It is an error if this option is used and className differs from the name of the class that is defined in an already existing parser-class header file and/or if an already existing implementation header file does not define members of the class `className'.
o
--class-skeleton=pathname (-C)
Pathname defines the path name to the file containing the skeleton of the parser class. It defaults to the installation-defined default path name (e.g., /usr/share/bisonc++/ plus bisonc++.h).
o
--construction
Details about the construction of the parsing tables are written to the same file as written by the --verbose option (i.e., <grammar>.output, where <grammar> is the input file read by bisonc++). This information is primarily useful for developers. It augments the information written to the verbose grammar output file, generated by the --verbose option.
o
--debug
Provide the generated parse and its support functions with debugging code, optionally showing the actual parsing process on the standard output stream. When included, the debugging output is active by default, but its activity may be controlled using the setDebug(bool on-off) member. Bisonc++ does not use #ifdef DEBUG macros. Rerun bisonc++ without the --debug option to remove the debugging code.

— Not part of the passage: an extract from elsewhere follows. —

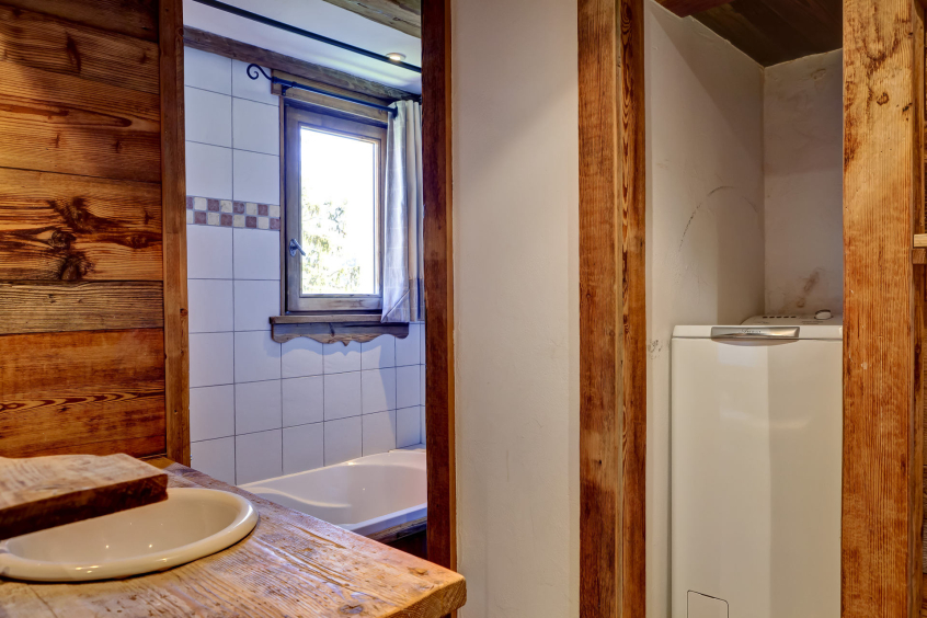 One bathroom with bath tub and washing machine and separated toilets.

Note that this option does not show the actions of bisonc++'s own parser, its own lexical scanner or merely the numbers of the case-entries executed by the parser's parse function. If that is what you want, use the --own-debug, --action-cases, --scanner-debug and/or --own-tokens options.

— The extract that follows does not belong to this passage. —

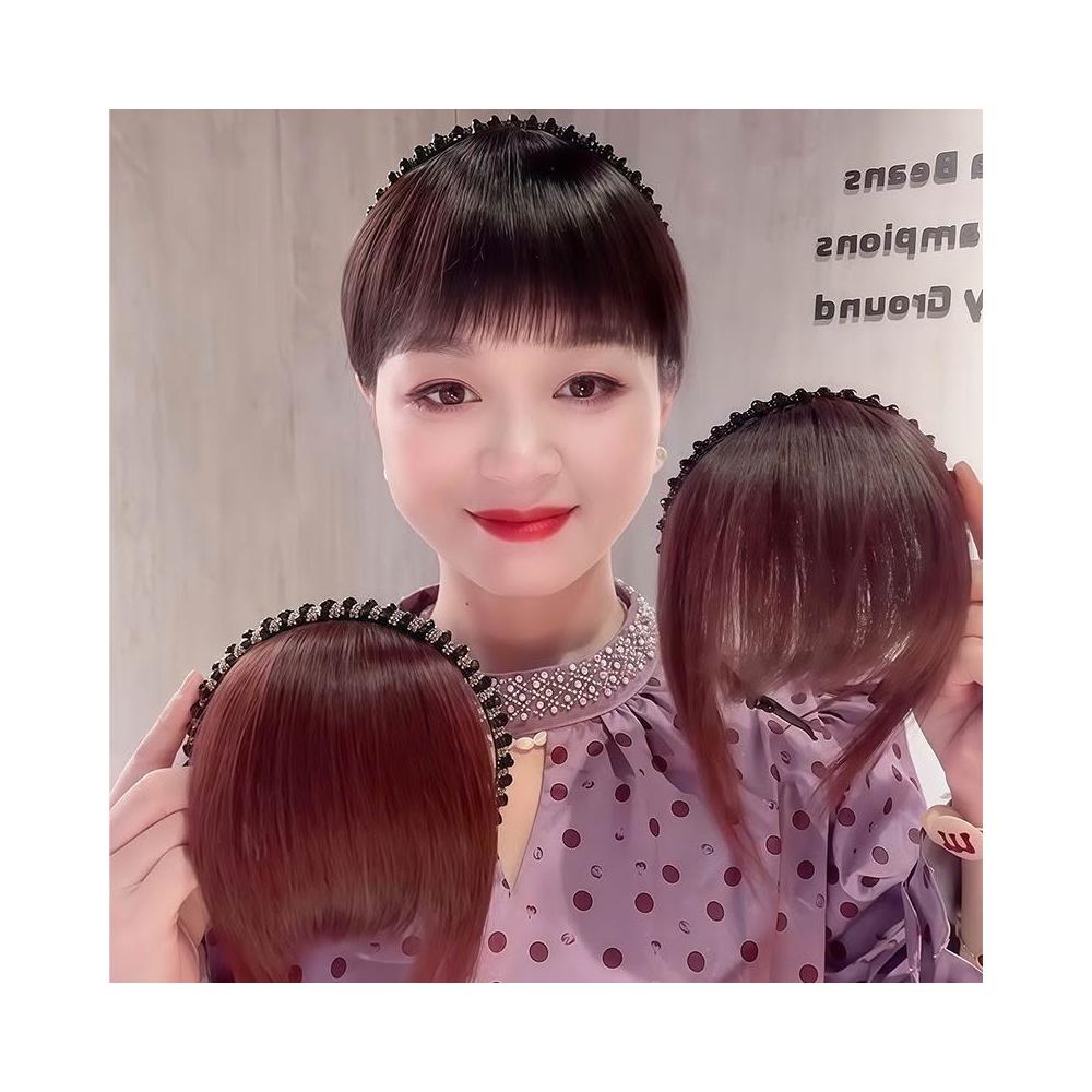Imanchen髮箍劉海一體女假髮片前額頭遮白髮增髮量自然鬢角碎齊劉海補發塊

When polymorphic semantic values are used (see section POLYMORPHIC SEMANTIC VALUES) then the generated parser might attempt to retrieve an incorrect polymorphic value. In that case a fatal error is generated, ending bisonc++'s run. The error message itself cannot refer to the action block where the error occurred. If this situation is encountered, rerun bisonc++, specifying --debug and call parser.setDebug(Parser::ACTIONCASES): as a debugging aid the generated parser then shows the executeAction switch's case entry numbers just before their execution.
o
--default-actions=off|quiet|warn (-d)
When warn is specified (which is the default) an action block executing $$ = $1 (or $$ = STYPE__{} for empty production rules) is added to production rules that do not explicitly define their own final action blocks, while issuing a warning. When quiet is specified these action blocks are silently added. It is an error when the types of $$ and $1 differ (but it is OK if neither $$ nor $1 is associated with a specific type). When off is specified no action blocks are added (issuing a warning issued, unless the option/directive tag-mismatches off has been specified).
o
--error-verbose
When a syntactic error is reported, the generated parse function dumps the parser's state stack to the standard output stream. The stack dump shows on separate lines a stack index followed by the state stored at the indicated stack element. The first stack element is the stack's top element.
o
--filenames=filename (-f)
Filename is a generic file name that is used for all header files generated by bisonc++. Options defining specific file names are also available (which then, in turn, overrule the name specified by this option).
o
--flex
Bisonc++ generates code calling d_scanner.yylex() to obtain the next lexical token, and calling d_scanner.YYText() for the matched text, unless overruled by options or directives explicitly defining these functions. By default, the interface defined by flexc++(1) is used. This option is only interpreted if the --scanner option or %scanner directive is also used.
o
--help (-h)
Write basic usage information to the standard output stream and terminate.
o
--implementation-header=filename (-i)
Filename defines the name of the file to contain the implementation header. It defaults to the name of the generated parser class plus the suffix .ih.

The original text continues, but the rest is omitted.